Activity:
In your transcription, keep every record exact and leave out the pictures.

Saved entries:

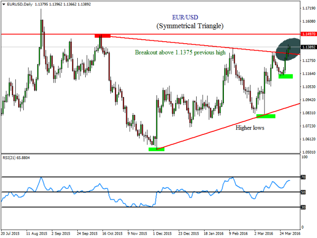 Евро сумел совершить прорыв верхней границы симметричного треугольника с пика 1.1497, что стало сильным бычьим сигналом, действующим в среднесрочной перспективе. Аналитики Форекс-компании FXTM советуют подождать недельного закрытия пары выше 1.1400, чтобы подтвердился бычий разворот.
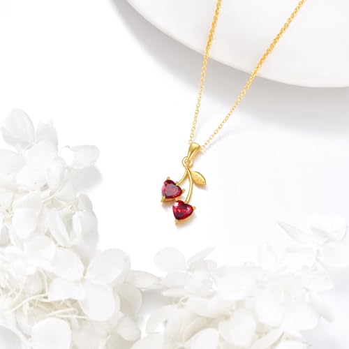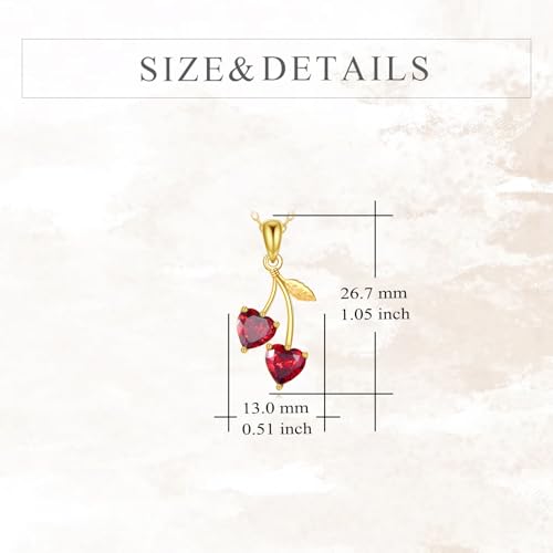 • 💗 Design: This cherry necklace is made of sterling silver with a gold cherry pendant and features cherry-shaped cubic zirconia stones for a cute and colorful look. This necklace is a sweet and cheerful accessory that will add a pop of fun to any outfit.
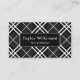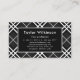 This elegant and modern business card features a black and white plaid background. The text combines modern sans serif fonts for a classy and sophisticated look.
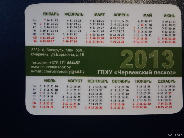 Календарик 2013 г. Лесоохотничье хозяйство. Червенский лесхоз.
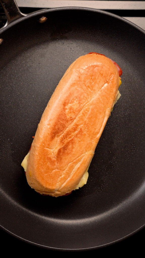- Slap the cheese on top along with some pickles. Add the top roll and then grill the sandwich in a pan on medium heat. Press it with a grill press, spatula, another pan, whatever works! Obviously a panini press will be perfect if you got one! Once it's browned, flip it over, and repeat. Then cut in half and enjoy!
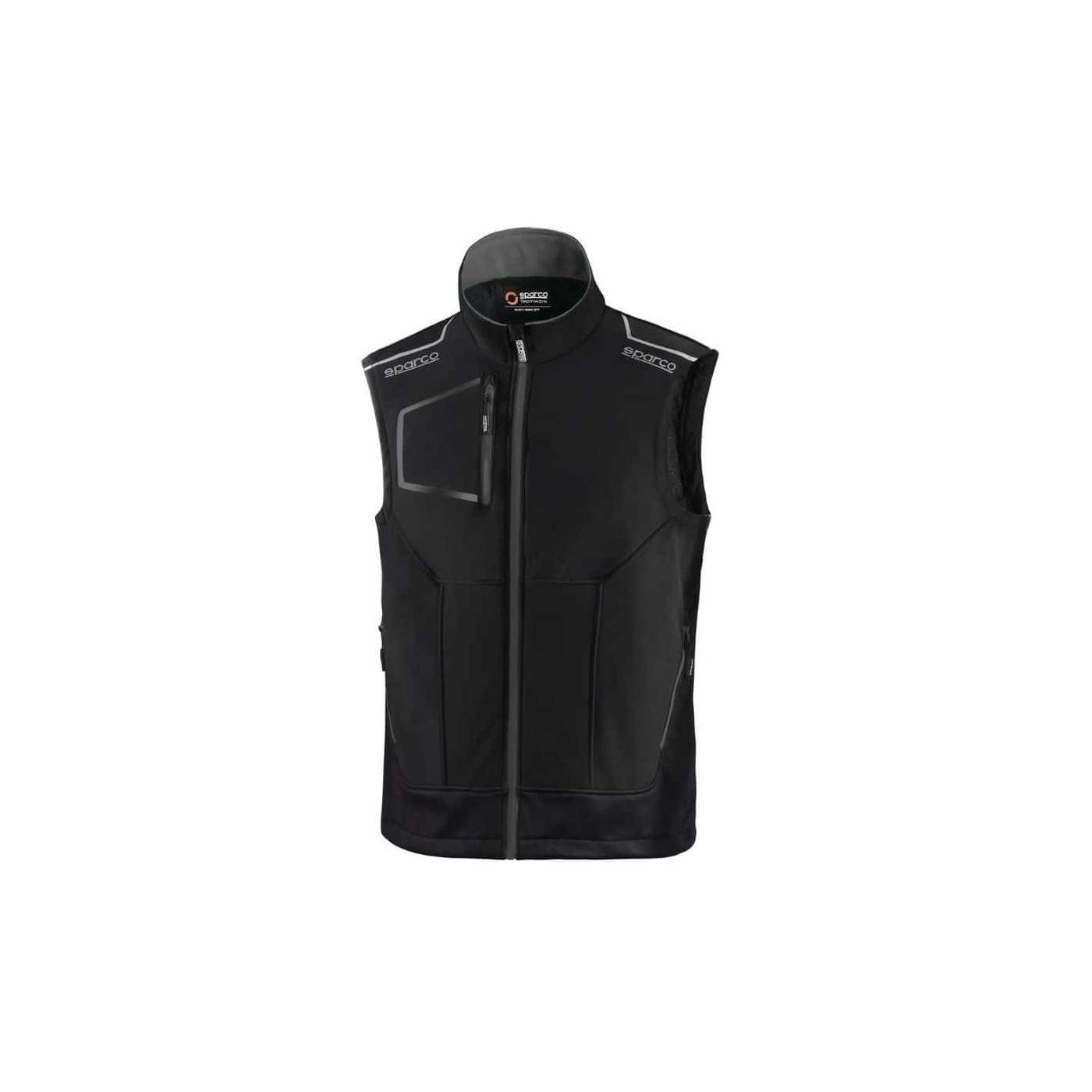Gilet technique Sparco avec tissu anti-abrasion pour renfort sur les épaules, zip central couvert et étanche et bandes réfléchissantes haute visibilité sur le dos.

Response box:
 Евро сумел совершить прорыв верхней границы симметричного треугольника с пика 1.1497, что стало сильным бычьим сигналом, действующим в среднесрочной перспективе. Аналитики Форекс-компании FXTM советуют подождать недельного закрытия пары выше 1.1400, чтобы подтвердился бычий разворот.
 • 💗 Design: This cherry necklace is made of sterling silver with a gold cherry pendant and features cherry-shaped cubic zirconia stones for a cute and colorful look. This necklace is a sweet and cheerful accessory that will add a pop of fun to any outfit.
 This elegant and modern business card features a black and white plaid background. The text combines modern sans serif fonts for a classy and sophisticated look.
 Календарик 2013 г. Лесоохотничье хозяйство. Червенский лесхоз.
- Slap the cheese on top along with some pickles. Add the top roll and then grill the sandwich in a pan on medium heat. Press it with a grill press, spatula, another pan, whatever works! Obviously a panini press will be perfect if you got one! Once it's browned, flip it over, and repeat. Then cut in half and enjoy!
Gilet technique Sparco avec tissu anti-abrasion pour renfort sur les épaules, zip central couvert et étanche et bandes réfléchissantes haute visibilité sur le dos.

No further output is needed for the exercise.